Kuiporng, You can buy paddle bits in varias sizes to accomodate different drills. I too only have a 3/8" drill, when I did my tiling, I bought a nice 3/8 paddle bit.


----------



## KUIPORNG (Jan 11, 2006)

now I have no reason to acquire another toy.... I suppose you are talking about an adaptor type of bit.... thanks...

to reread your post, I think you meant to buy another paddle bit, well I think that heavy metal thing is quite expensive, reason I have one is I got a complete tapping set tools from someone which including this guy... for $50 bucks... now... I better visit home depot see if they have adaptor to convert 3/8 to 1/2 for the 1/2 bit...


----------



## dougrus (Sep 16, 2006)

The only reason I said to use a 1/2" drill is because, usually, a 3/8" drill has a harder time turning heavy cement/motar type products. I burnt out my craftsman 3/8" mixing thinset.....I bought a dewalt 1/2" spade handle drill because I do alot of tiling....plows through thinset like nothing...
If you have a powerful 3/8" drill you may be fine.


----------



## KUIPORNG (Jan 11, 2006)

now I have a reason to accquire the toy...

what about the questions regarding the lengh of the "on-rock" screws, is it suppose to screw onto the plywood through the thinset only? the thickness of my plywood may be only .25 inches,,,I am not quite sure, may be .5 inches... but it is the regular one selling at HD...


----------



## dougrus (Sep 16, 2006)

Well, if I understand your situation correctly, there are joists and then the subfloor so there wouldnt be danger of going into the concrete with screws and therefore, whatever is the standard size screw at HD should be fine. You are securing the backerboard TO the plywood with the the screws and thinset...yes the screws will be going through the thinset and through the plywood.
By the way, it is important that you know the thickness of the plywood because it needs to rated for subfloor use...if you used 1/4 and that is the only layer that is a BIG problem. It is probably 1/2" which is a little undersized as well. You should be using 3/4 T&G ply.


----------



## KUIPORNG (Jan 11, 2006)

there is no joists, only concrete, plastic sheet, plywood...

that is why I thought of tapcon in my earlier message...


----------



## dougrus (Sep 16, 2006)

dougrus said:


> *but* from what I gather you are saying that there are joists there and that the plywood is secured to the joists....r...


In my previous post I verified that ther were joists so I assumed that is the way it was constructed...

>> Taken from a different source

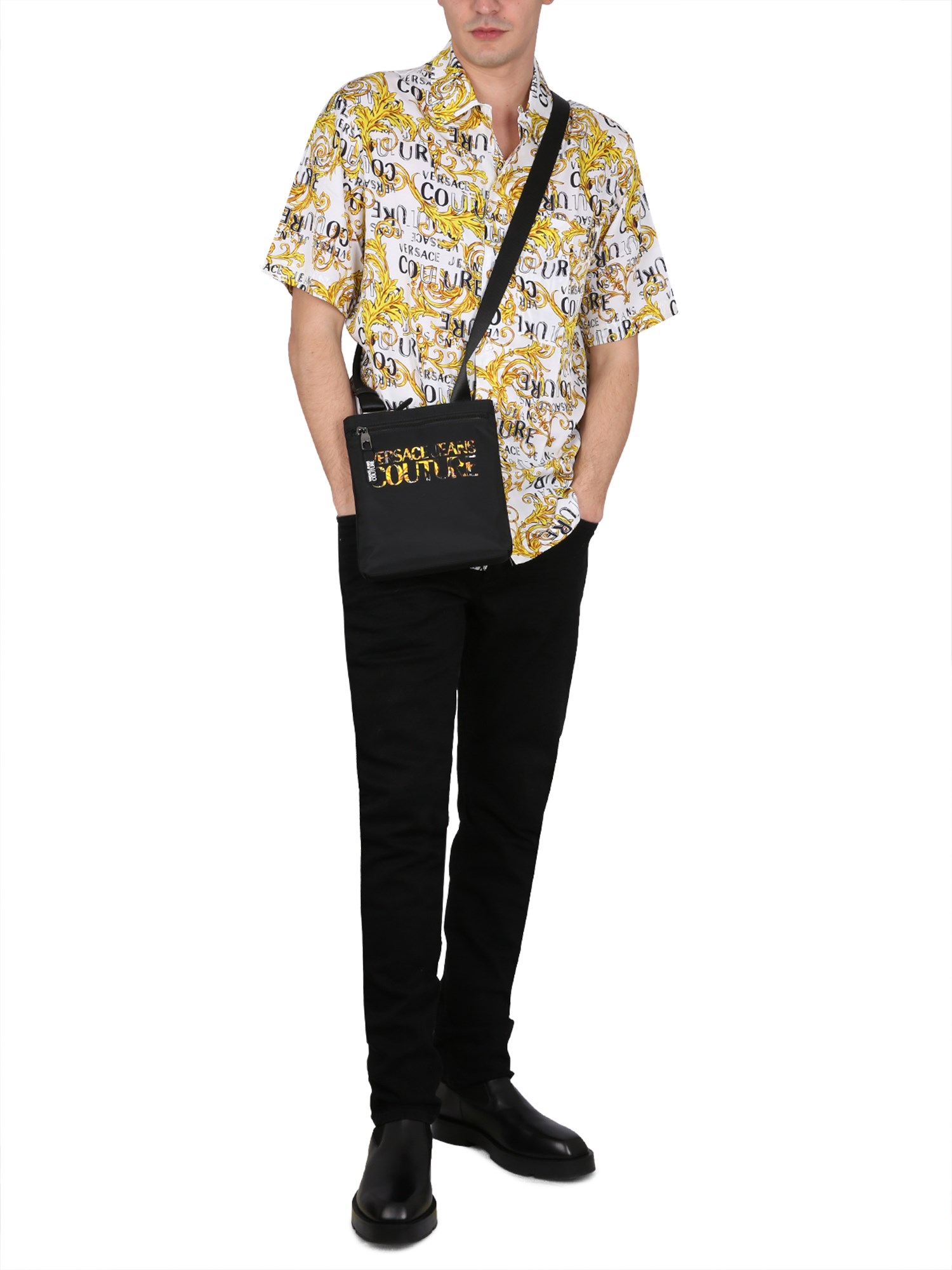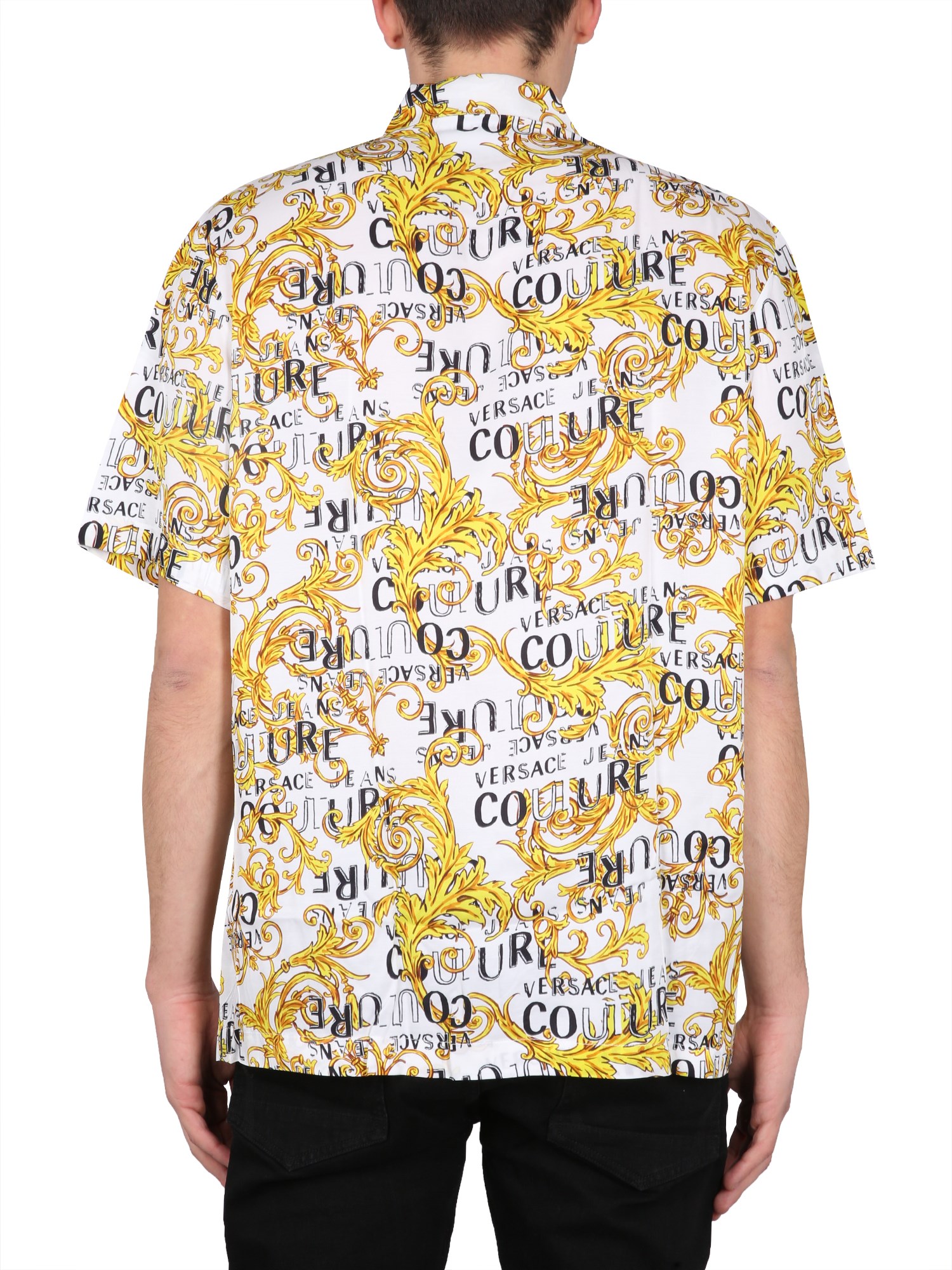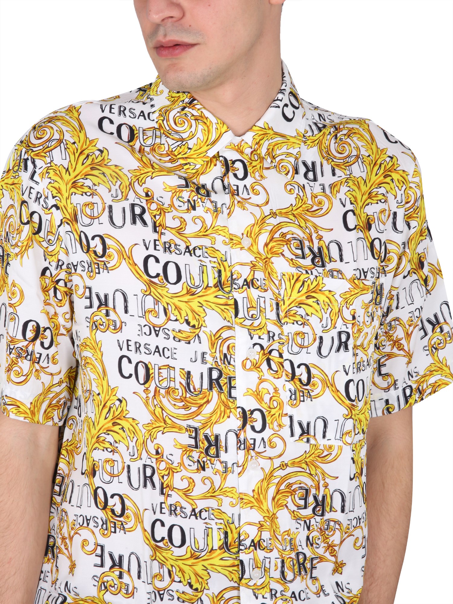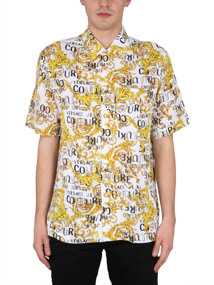 The viscose shirt from Versace Jeans Couture is a versatile piece that can be worn in a variety of settings. This men's shirt is made of viscose, a natural fibre made from cellulose. It is cool, breathable, and is soft to the touch. The fabric is wrinkle-resistant and doesn't fade. This shirt has a front button closure classic collar, all-over baroque logo print, and regular fit.

I have never secured a floor this way, attaching hardibacker to plywood that is SCREWED into concrete, so Im not sure how to tell you to proceed...I guess you could measure and try to get the exact thickness and then get an appropriate screw. ANyone else have a suggestion here?

If it were me, I would rip out the plywood, thinset Ditra to the concrete and then thinset then tile...Just becuase having plywood on a basement floor you are asking for trouble...especailly THIN plywood...Moisture finds its way up through the slab probably through the barrier and into the wood...The thiner it is the more it will swell in temperature and varying mositure levels...The swelling will cause the floor to move up and down, the grout may crack and the tile as well...Maybe not tomorrow maybe not next week but eventually you may have a problem...Just trying to save you work in the long run.
Not trying to be a pain I just dont want to see you go through all this and then have to redo eventually.


----------



## dougrus (Sep 16, 2006)

Wait if you are going to keep the plywood down, this is what you should do....
Go get Ditra.
Thinset the Ditra to the plywood.
Thinset the tile onto the Dirta.
The Ditra will act as an isolation membrane.
It is a little more costly then cement backerboard but I would do it in this situation.


----------



## KUIPORNG (Jan 11, 2006)

Thanks a lot Dougrus, I have thought about doing what you said also... but I am quite confident my basement floor is very dry.... and you are right, I don't want to going through the pain to rip off the pine wood, not only it takes considerable amount of work, it also means I spent money for nothing... after weighting both sides , I think I will just leave the way it is... 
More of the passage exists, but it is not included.